とある都市生活者の独白

東京に暮らす大学院生が思いつきでブログを書いています

「昭和生まれにしか分からない」が分からない

どうでもよい話を長々と。インターネット上で「昭和生まれにしか分からない」「今の小学生は知らない」という文言を耳にするたびに違和感を覚えるので、その感覚をかなり主観的に掘り下げてみた。

www.buzzfeed.com

例えば、この記事とは違うソースだが、カセットテープと鉛筆の写真に「昭和生まれにしか分からない」と書かれたツイートが流行していた。だが、私の記憶が正しければ、21世紀以降もしばらくはカセットテープが一般的に使われていたはずだ。テープの中身を引き出してグシャグシャにして怒られて、鉛筆でくるくる回して戻して。むしろ、ポケベルやPHSフロッピーディスクなんかが当時「平成」を象徴するものとして捉えられていたとすれば、意外とこの類のクイズ自体が的を外している感じもある。

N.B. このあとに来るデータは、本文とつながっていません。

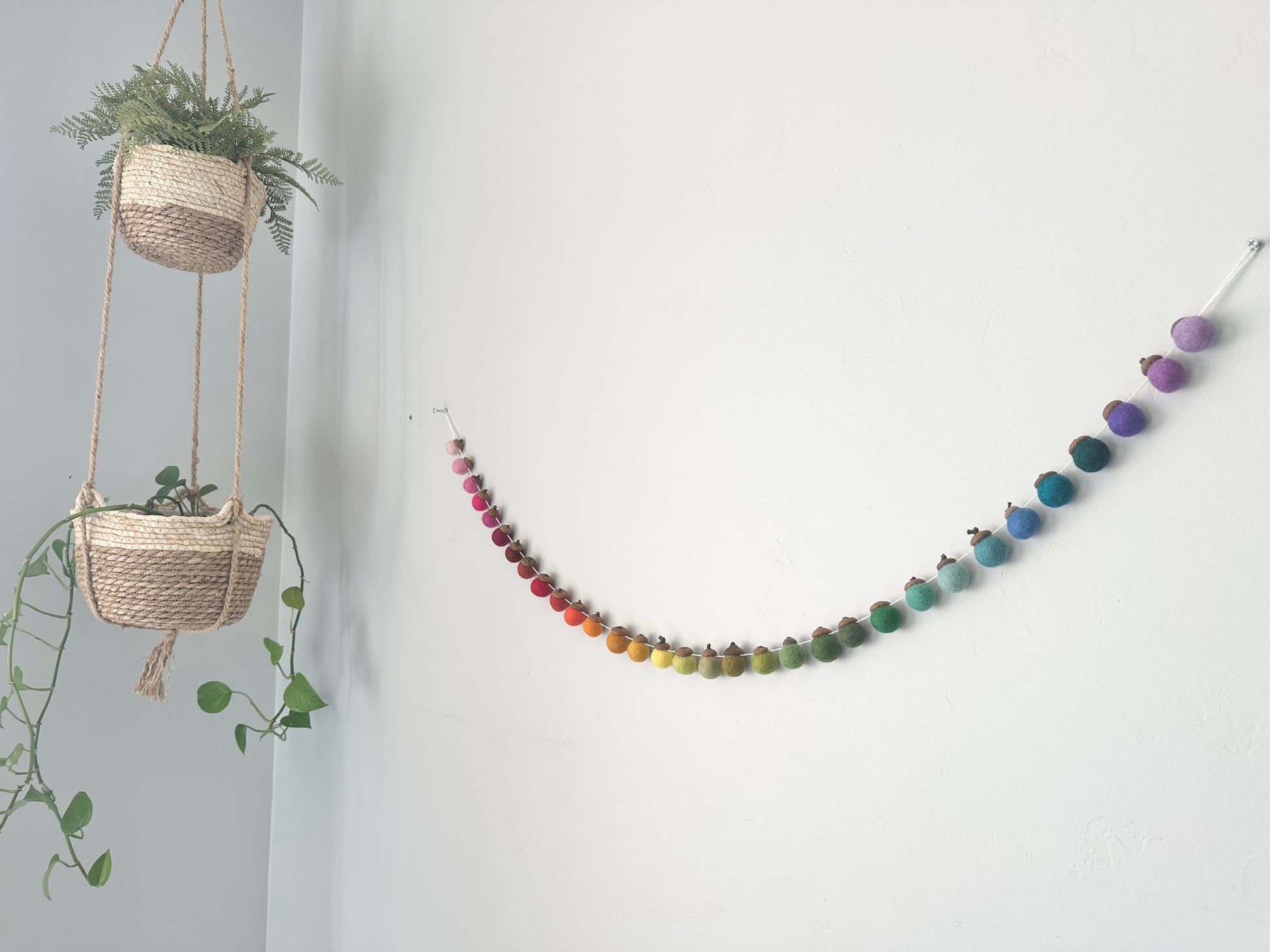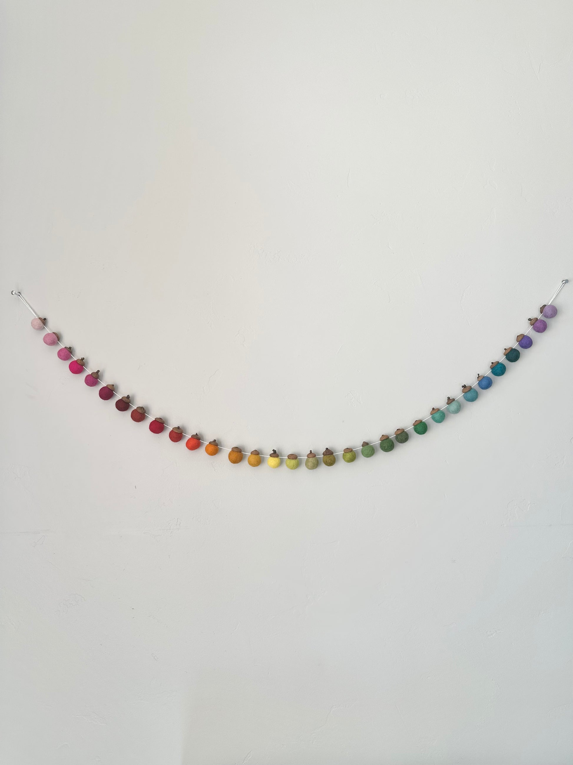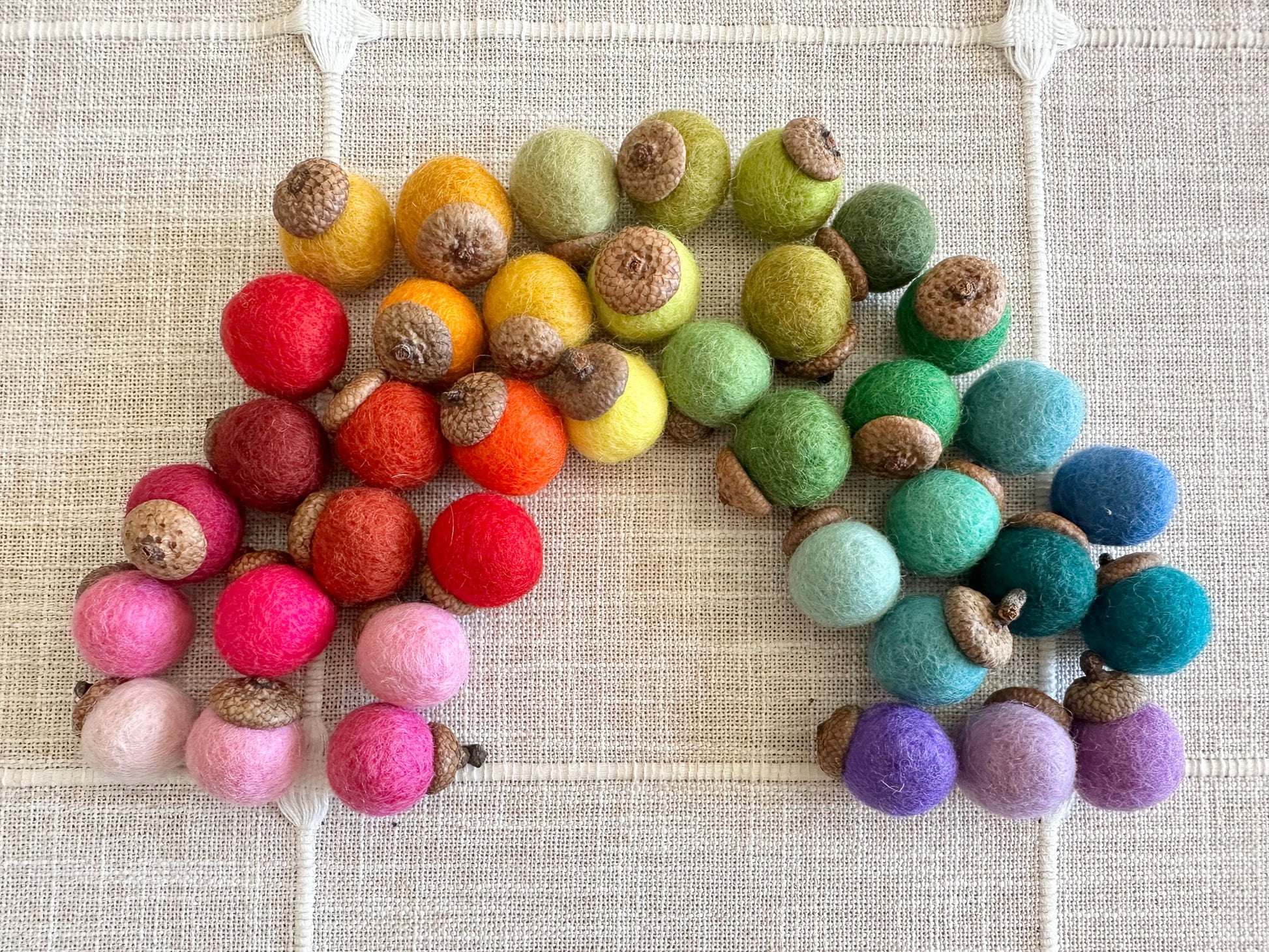 Colors: exact colors are based on the number of acorns ordered. It flows from pinks, reds, oranges, yellows, greens, blues, to purples. If you want to pick the colors yourself, see the color chart photo and let me know in the "Personalization" section of this listing. All acorns are made with 2.5cm felt balls and a REAL acorn cap. Have a question or custom request? Email me, Amy, at info@wooljamboree.com.

1989年以降に何かと「ポスト」という接頭辞が付くから、この時期を境に「昭和」が終わったという考え方はある程度説得力を持っているが、文化に関して言えば、平成になって28年が経つ現在も昭和の遺物があちこちにある。カセットやVHSもそんなところで、とかく連続性がある。63年も続いた「昭和」の文化を一括りにしようとするのも、どこかチグハグになってしまう気がする。例えば、『クレヨンしんちゃん オトナ帝国の逆襲』や『20世紀少年』の中で「昭和」を象徴しているのは、大阪万博を中心とする1970年前後の文化。一方で、ブームを代表する映画『ALWAYS 三丁目の夕日』は東京タワー完成直前の1958年が舞台となっている。最近は平成に跨るバブル文化までもがそうした「昭和」のイメージの文脈で語られるようになってきた。こういったことを考えると、戦後復興からバブル崩壊に至るまで、絶妙に指示する時代のイメージが異なる使い勝手の良い言葉として、「昭和」は「平成」の中で再構成されてきたのではないだろうか。

だからこそ、最近になって「昭和」ブームが「昭和生まれ」と書き換えられた点は興味深い。昭和を生きていた人ではなく、昭和に生まれた人というこの緩和制限は一体なんなのだろう。昭和63年生まれはまだ29歳ぐらいの若者だし、平成生まれの「昭和」であるということに憧れを抱く若者と大差がない。動画投稿サイトにアップされている膨大な映像は生まれる前の文化にも触れられるタイムマシンで、体験を伴わない知識を得ることもできるようになった。「昭和」と呼ばれるものは単に一過性の流行だけじゃなくて、より大きなイメージを体現していて、それがゆえに平成生まれの人間をも魅了しているように感じる。それだけに「昭和生まれ」を「平成生まれ」から手続き的に差別化する言説にはなにか残念さがある。

私自身もそうした古い文化が好きな若者の一人だが、昭和文化が現代の文化よりも魅力的なのは、それが「共有可能な文化」だったことだと思う。皆が同じ文脈を共有しているということ。それは同質的で国民国家的だと批判されることもあるわけだけれども、誰もが島宇宙の中で生きていて互いに分かりあえない時代において、一つの消費のジャンルとして残っている。その用法が「昭和生まれにしか分からない」という差異的な表現となるならば、それが本来持っていたそうした良さは失われてしまう。「生きてない時代について何も知らないんだから」となっては不毛ではないだろうか。大袈裟かもしれないけれども。